From: G. Allen Morris III (gam3@groucho.ixlabs.com)
Date: Tue May 09 2000 - 14:30:16 EST


>>>Robert Dinse said:
>
> We recently switched a mail server from userland nfsd to kernel nfsd in
> order to provide file locking and prevent corruption of mailboxes that was
> occuring when multiple servers attempted to update a mailbox simultaneously.

What version of the kernel are you using?

Are there any messages in your logfiles like:

  fh_verify: no root_squashed access.

>
> We've run into some very strange behavioral problems with knfsd relative
> to userland nfsd.
>
> Particularly, we have a directory, /var/smartlist with a bunch of
> subdirectories for each mail list. The directory and subdirectories are owned
> by smartlst.smartlist with modes 771.
>
> This directory resides on the Linux server with knfsd, (formerly userland
> nfsd) and is exported to other mail servers and a shell server which happens to
> be running SunOS 4.1.4.
>
> Inside the list subdirectories are various smartlist files owned by users
> such as the 'dist' (distribution) file. With the userland nfsd, users on the
> shell server could edit their files in the smartlist subdirectories.
>
> When we upgraded to knfsd, the user can no longer modify files that exist
> in the directory even though they have write permission to those files and the
> files already exist. This is really broken and requires that we change the
> ownership of the subdirectories to the user to make this work. This is
> something we don't want to do as we don't want the user removing other files in
> the directory.
>
> Was this behavioral change intentional or just a screw-up? And if it is
> intentional, what logic dictated that permissions should work differently under
> NFS than they do on a local file system?

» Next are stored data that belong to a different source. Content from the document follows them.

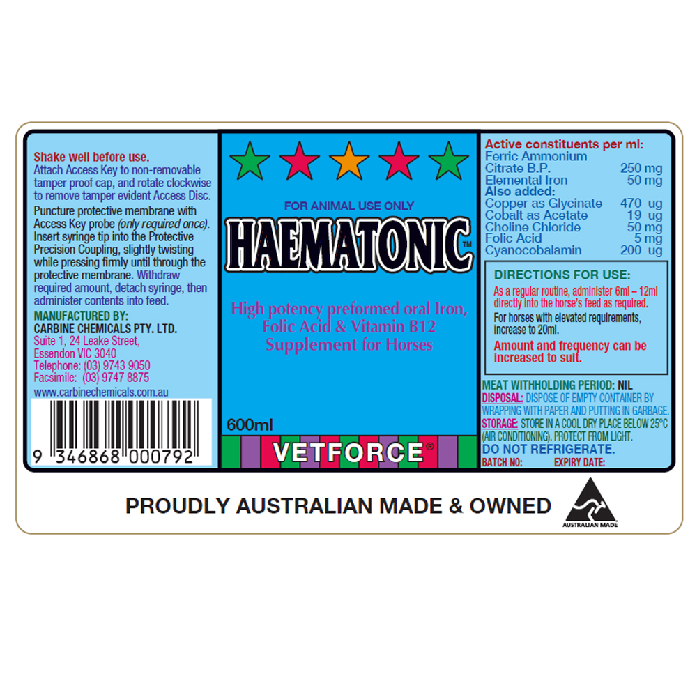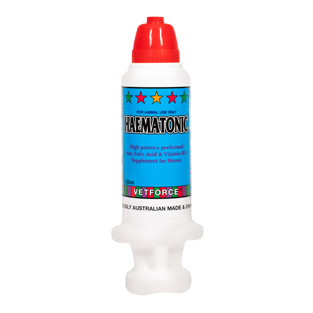 Haematonic is a high potency oral iron, folic acid, and vitamin b12 supplement for horses.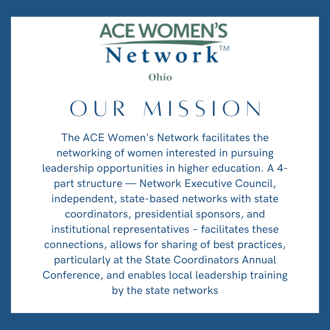 ACE Women’s Network- Ohio works collaboratively with partners across the state to increase the number of women in leadership positions in higher education. The organization hosts an annual conference that is attended by women administrators, faculty, and staff. The event provides opportunities for networking, as well as personal and professional development.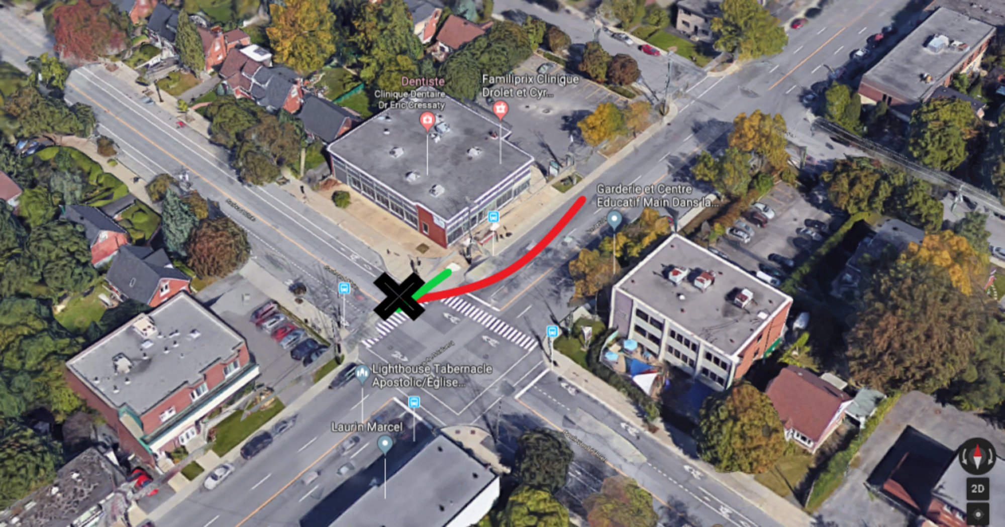 Intersection Salaberry et O’Brien dans Cartierville. En rouge, le trajet du camion et en vert celui de la dame blessée gravement (Photo : Googlemaps, infographie : jdv – Philippe Rachiele)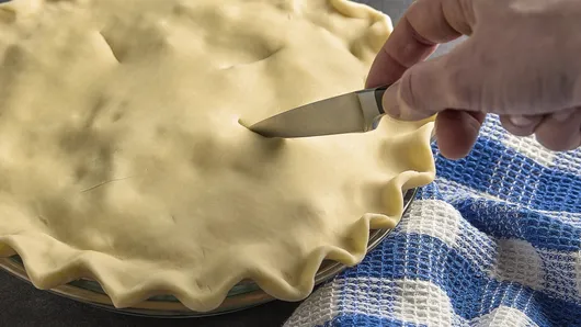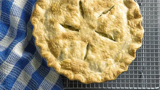 Spoon the filling into the bottom crust; top with the second crust. Flute your pie by folding the top crust edge under the bottom crust edge to create a thick raised edge. Then pinch the raised edge between your thumb and forefinger, creating a scalloped pattern. Don’t forget to slit the top crust to allow steam to escape.

Unless the NFSEXP_NOSUBTREECHECK flag is set the only difference in the semantics
is that you can't accesss an open file unless you can open that file. That is that
with knfsd the file is opened with each access using the full path from the export
point.

Becuase of this you can't do:

    file = fopen("test", "r");
    chmod(".", 000);
    fgets(buffer, 1024, file);

The read will fail with a

  nfsd Security: %s/%s bad export
or
  fh_verify: no root_squashed access.

message being put in your logfile.

If the NFSEXP_NOSUBTREECHECK flag is set then the semantics
should be the same for local and NFS access.